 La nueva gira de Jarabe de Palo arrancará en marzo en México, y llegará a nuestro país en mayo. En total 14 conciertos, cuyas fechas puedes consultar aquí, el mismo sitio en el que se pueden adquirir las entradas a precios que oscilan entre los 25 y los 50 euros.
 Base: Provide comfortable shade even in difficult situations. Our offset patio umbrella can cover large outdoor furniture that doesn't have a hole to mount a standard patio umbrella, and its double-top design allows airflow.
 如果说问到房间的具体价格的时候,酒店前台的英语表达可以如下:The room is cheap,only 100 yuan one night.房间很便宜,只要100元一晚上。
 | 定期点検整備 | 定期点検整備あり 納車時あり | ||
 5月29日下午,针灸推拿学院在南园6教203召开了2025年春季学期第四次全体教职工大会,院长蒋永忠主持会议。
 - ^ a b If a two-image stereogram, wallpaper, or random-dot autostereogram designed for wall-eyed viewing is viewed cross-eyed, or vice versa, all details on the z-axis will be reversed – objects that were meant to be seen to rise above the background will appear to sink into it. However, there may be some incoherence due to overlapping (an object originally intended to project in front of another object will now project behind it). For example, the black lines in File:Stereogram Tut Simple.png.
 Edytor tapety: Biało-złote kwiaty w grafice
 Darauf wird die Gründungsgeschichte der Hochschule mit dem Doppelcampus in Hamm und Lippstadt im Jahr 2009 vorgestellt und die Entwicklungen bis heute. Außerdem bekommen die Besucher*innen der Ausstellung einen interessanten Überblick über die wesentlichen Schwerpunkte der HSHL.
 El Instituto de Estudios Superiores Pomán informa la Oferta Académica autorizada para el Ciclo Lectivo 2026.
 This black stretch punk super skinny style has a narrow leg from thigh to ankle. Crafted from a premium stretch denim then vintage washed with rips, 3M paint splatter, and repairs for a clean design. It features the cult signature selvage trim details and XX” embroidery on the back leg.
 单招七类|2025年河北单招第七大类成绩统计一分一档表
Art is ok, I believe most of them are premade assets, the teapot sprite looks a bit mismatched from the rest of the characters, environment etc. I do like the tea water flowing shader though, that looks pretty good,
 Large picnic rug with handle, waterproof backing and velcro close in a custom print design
----
Each line between the start of the listing above and the line containing "5月29日下午,针灸推拿学院", with both ends counted, is to be set down unchanged.

 La nueva gira de Jarabe de Palo arrancará en marzo en México, y llegará a nuestro país en mayo. En total 14 conciertos, cuyas fechas puedes consultar aquí, el mismo sitio en el que se pueden adquirir las entradas a precios que oscilan entre los 25 y los 50 euros.
 Base: Provide comfortable shade even in difficult situations. Our offset patio umbrella can cover large outdoor furniture that doesn't have a hole to mount a standard patio umbrella, and its double-top design allows airflow.
 如果说问到房间的具体价格的时候,酒店前台的英语表达可以如下:The room is cheap,only 100 yuan one night.房间很便宜,只要100元一晚上。
 | 定期点検整備 | 定期点検整備あり 納車時あり | ||
 5月29日下午,针灸推拿学院在南园6教203召开了2025年春季学期第四次全体教职工大会,院长蒋永忠主持会议。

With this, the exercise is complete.